____ Collected data
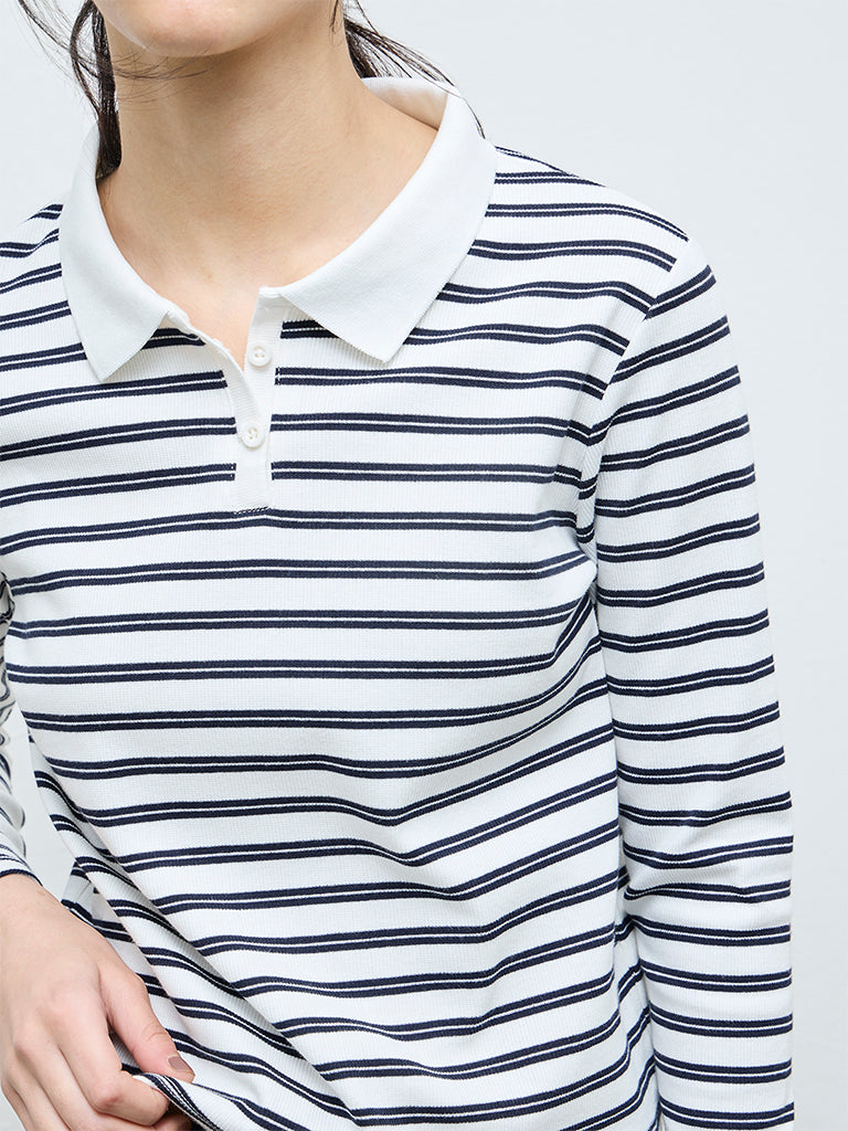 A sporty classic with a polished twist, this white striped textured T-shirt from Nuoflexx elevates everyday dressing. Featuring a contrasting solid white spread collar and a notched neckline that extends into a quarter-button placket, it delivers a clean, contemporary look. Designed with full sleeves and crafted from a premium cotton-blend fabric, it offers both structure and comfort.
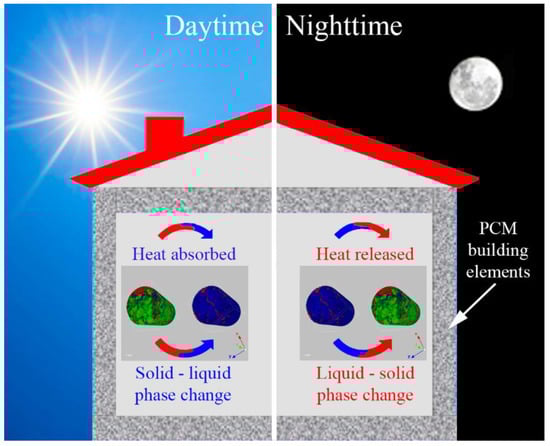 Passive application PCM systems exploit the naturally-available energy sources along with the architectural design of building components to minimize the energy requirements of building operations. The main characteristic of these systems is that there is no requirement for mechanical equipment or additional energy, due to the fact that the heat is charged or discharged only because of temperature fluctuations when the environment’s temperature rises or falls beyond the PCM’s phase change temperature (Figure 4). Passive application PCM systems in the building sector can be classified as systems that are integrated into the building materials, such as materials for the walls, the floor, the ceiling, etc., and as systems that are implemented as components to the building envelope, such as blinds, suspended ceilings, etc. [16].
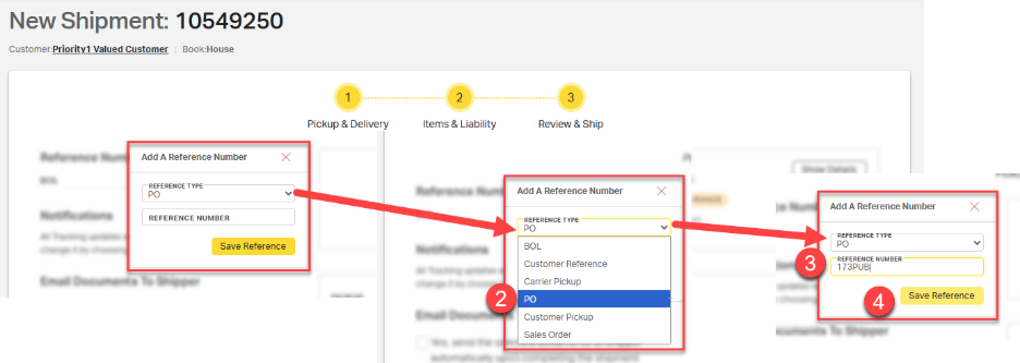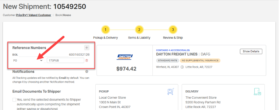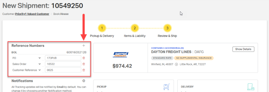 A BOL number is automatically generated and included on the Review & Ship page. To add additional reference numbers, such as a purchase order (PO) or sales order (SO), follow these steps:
________
§ Aim of the task
Give back the data exactly. Pictures stay out.

§ Task result
 A sporty classic with a polished twist, this white striped textured T-shirt from Nuoflexx elevates everyday dressing. Featuring a contrasting solid white spread collar and a notched neckline that extends into a quarter-button placket, it delivers a clean, contemporary look. Designed with full sleeves and crafted from a premium cotton-blend fabric, it offers both structure and comfort.
 Passive application PCM systems exploit the naturally-available energy sources along with the architectural design of building components to minimize the energy requirements of building operations. The main characteristic of these systems is that there is no requirement for mechanical equipment or additional energy, due to the fact that the heat is charged or discharged only because of temperature fluctuations when the environment’s temperature rises or falls beyond the PCM’s phase change temperature (Figure 4). Passive application PCM systems in the building sector can be classified as systems that are integrated into the building materials, such as materials for the walls, the floor, the ceiling, etc., and as systems that are implemented as components to the building envelope, such as blinds, suspended ceilings, etc. [16].
 A BOL number is automatically generated and included on the Review & Ship page. To add additional reference numbers, such as a purchase order (PO) or sales order (SO), follow these steps:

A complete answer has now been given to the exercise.